Entre gitanos no nos leemos las cartas, dice el refrán. En otras palabras, un ratero reconoce a otro tanto como un político a otro. Y se tratan como tal. Una lógica similar es la que provoca desconfianza cuando de la probable desaparición de los fideicomisos se trata, especialmente los del Conacyt y aquellos referidos al desarrollo científico.
Aunque éstos formalmente cuentan con toda una legislación y supervisión que en cierto modo les vuelve transparentes en su operación (ver: https://educacion.nexos.com.mx/?p=2519), nada de eso obstó para que efectivamente en su interior se constituyeran élites, aviadores y demás lindezas que con razón se han esgrimido como motivo fundamental de su posible desaparición. Cierto es que la generalidad de este motivo impidió distingos y diagnósticos apropiados, sin que por ello se invalide el hecho concreto y real de que en ellos hubo beneficiarios que no debieron serlo y que a veces los resultados de proyectos apoyados fueron en verdad magros o inexistentes.
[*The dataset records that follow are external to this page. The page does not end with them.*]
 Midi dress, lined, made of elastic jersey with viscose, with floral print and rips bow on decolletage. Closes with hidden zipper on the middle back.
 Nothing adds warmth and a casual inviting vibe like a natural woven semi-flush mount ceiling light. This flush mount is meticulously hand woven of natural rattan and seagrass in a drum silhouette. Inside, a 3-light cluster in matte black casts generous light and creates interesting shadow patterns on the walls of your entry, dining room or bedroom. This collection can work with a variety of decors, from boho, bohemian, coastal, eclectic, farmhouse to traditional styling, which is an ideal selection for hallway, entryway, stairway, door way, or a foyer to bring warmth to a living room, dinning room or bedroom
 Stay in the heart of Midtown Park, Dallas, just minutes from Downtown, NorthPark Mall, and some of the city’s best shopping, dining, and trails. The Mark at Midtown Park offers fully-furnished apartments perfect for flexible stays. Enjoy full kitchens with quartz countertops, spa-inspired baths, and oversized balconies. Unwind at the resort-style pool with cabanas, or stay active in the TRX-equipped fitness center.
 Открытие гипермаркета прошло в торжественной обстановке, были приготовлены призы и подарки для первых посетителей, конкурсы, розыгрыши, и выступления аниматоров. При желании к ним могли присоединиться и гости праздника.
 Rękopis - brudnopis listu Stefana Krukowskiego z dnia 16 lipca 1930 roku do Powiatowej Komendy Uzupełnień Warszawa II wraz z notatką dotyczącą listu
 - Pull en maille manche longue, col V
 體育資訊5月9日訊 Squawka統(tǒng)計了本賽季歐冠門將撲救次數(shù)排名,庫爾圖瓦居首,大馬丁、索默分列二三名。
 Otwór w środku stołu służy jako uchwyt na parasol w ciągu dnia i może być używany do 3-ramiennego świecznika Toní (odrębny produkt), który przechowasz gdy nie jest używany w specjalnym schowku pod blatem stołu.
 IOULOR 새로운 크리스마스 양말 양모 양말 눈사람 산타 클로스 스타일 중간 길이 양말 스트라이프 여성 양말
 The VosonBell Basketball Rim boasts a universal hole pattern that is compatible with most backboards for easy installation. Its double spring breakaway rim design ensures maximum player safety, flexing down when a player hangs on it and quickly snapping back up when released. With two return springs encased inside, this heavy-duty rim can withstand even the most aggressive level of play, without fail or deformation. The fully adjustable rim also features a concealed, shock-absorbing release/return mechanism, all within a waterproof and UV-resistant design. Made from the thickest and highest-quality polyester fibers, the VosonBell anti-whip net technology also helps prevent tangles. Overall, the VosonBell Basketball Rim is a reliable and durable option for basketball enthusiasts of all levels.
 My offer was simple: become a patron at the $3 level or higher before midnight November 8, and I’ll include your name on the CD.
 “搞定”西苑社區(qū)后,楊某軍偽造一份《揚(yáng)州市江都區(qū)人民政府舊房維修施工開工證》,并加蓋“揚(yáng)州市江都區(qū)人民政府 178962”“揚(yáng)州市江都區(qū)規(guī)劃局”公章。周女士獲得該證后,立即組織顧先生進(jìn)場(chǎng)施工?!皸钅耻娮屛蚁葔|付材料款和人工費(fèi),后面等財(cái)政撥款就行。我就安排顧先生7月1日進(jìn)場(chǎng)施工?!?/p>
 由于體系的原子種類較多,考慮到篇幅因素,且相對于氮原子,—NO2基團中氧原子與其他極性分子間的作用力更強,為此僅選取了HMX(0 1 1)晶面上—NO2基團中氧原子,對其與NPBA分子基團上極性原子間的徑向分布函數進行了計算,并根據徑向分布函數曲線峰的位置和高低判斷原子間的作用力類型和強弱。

Aceptado sin conceder la generalidad absoluta del motivo, la duda que se impone es exactamente la misma que llevó a su desaparición: no hay nada en el actual gobierno que garantice eso vaya a dejar de suceder. El rezo gubernamental de los principios que se enarbola como mantra es de muy dudosa eficacia, como varios hechos concretos muestran (Villalobos, Guevara, Toledo, Cárdenas, Bueso, etcétera). Este gobierno, ante la urgencia económica y la necesidad política, prescinde de los procedimientos claros que todo gobierno debe tener cuando de dineros, contrataciones y presupuestos se trata. La comparecencia diaria del titular del Ejecutivo para hacer política no quiere decir trasparencia. Incluso podría decirse que su presencia mediática mañanera es un distractor para cualquier ejercicio de esta naturaleza: su estrategia política lo engulle todo. Por lo tanto, no hay elementos reales y concretos que permitan atisbar una operación distinta de la que se acusa en la extinción de estos fideicomisos.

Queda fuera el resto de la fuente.